Derivational OT (Rubach 1997, 2011, 2016) is a version of Stratal OT (Kiparsky 1997, 2000, 2015; Bermúdez-Otero 1999, 2007, 2018). It is different from Stratal OT in one respect only: the assumption is that the grammar by default has four levels or strata. Stratal OT recognizes three levels/strata: the stem level, the word level and the postlexical level. Derivational OT adds a fourth level: the clitic level that is placed between the word level and the postlexical level.

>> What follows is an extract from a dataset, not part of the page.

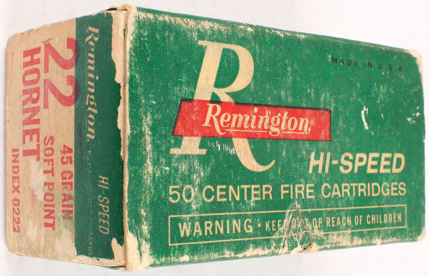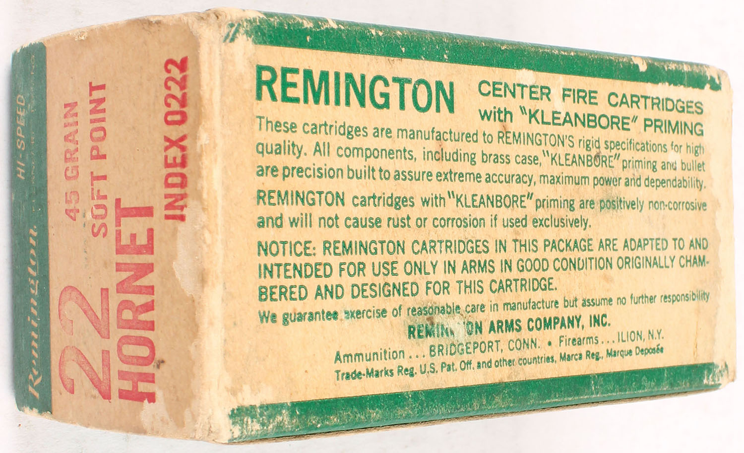 Remington, Hi-Speed, .22 Hornet, 45 Grain Soft Point, Full (37rds. Correct), 1pc. Green white & red box, box is solid with good color, age soiling, edge & corner wear, end flaps are solid, ammo is excellent. Grade: Good ++ - Value: 40 to 120

The stem level encompasses the root and level 1 affixes. The word level enlarges the domain of analysis by adding level 2 affixes to the structures derived at the stem level. The determination which affixes are level 1 and which are level 2 is a language-specific matter. Similarly, languages may differ in their understanding of what constitutes a clitic structure. For example, Rubach (2016) argues that prefixes in Polish have the status of clitics,Footnote 8 hence prefix plus word structures are analyzed at level 3. The postlexical level, level 4, covers the domain of the utterance, analyzing processes that apply across word boundaries. The input to level 1 is the underlying representation, the input to level 2 is the optimal output from level 1, the input to level 3 is the winner from level 2, and the winner from level 3 is the input to level 4. In effect then, the architecture of Derivational OT is cyclic because the derivation proceeds from smaller domains to progressively larger domains: stem → word → clitic phrase → utterance. There is an obvious and actually intended similarity between Derivational OT and Lexical Phonology (Kiparsky 1982; Booij and Rubach 1987). Like in Lexical Phonology, at each cycle constraints can look at the structure derived in the previous cycle. However, unlike in Lexical Phonology, there is no prohibition to change the representations derived in an earlier cycle. Constraints are the same at all levels but their ranking may be different. The principle of reranking minimalism (Rubach 2000b) makes sure that reranking of the constraints occurs only if required by compelling analytical need. In sum, the grammar is understood as a system of four levels that are connected serially. Each level constitutes an OT ‘miniphonology,’ which means that it has its own inputs and constraint ranking. The Standard OT’s principle of strict parallelism (simultaneous evaluation, no derivational steps) holds inside a level but not across levels since, as just explained, levels are ordered serially.

From the point of view of OT, Slavic Palatalization is driven by markedness constraints that are individualized with regard to the trigger.Footnote 9

  1. (6)

    a. PAL-i

    A consonant and a following high vowel must agree in [±back].

    b. PAL-e

    A consonant and a following mid vowel must agree in [±back].

    c. PAL-Glide

    A consonant and a following glide must agree in [±back].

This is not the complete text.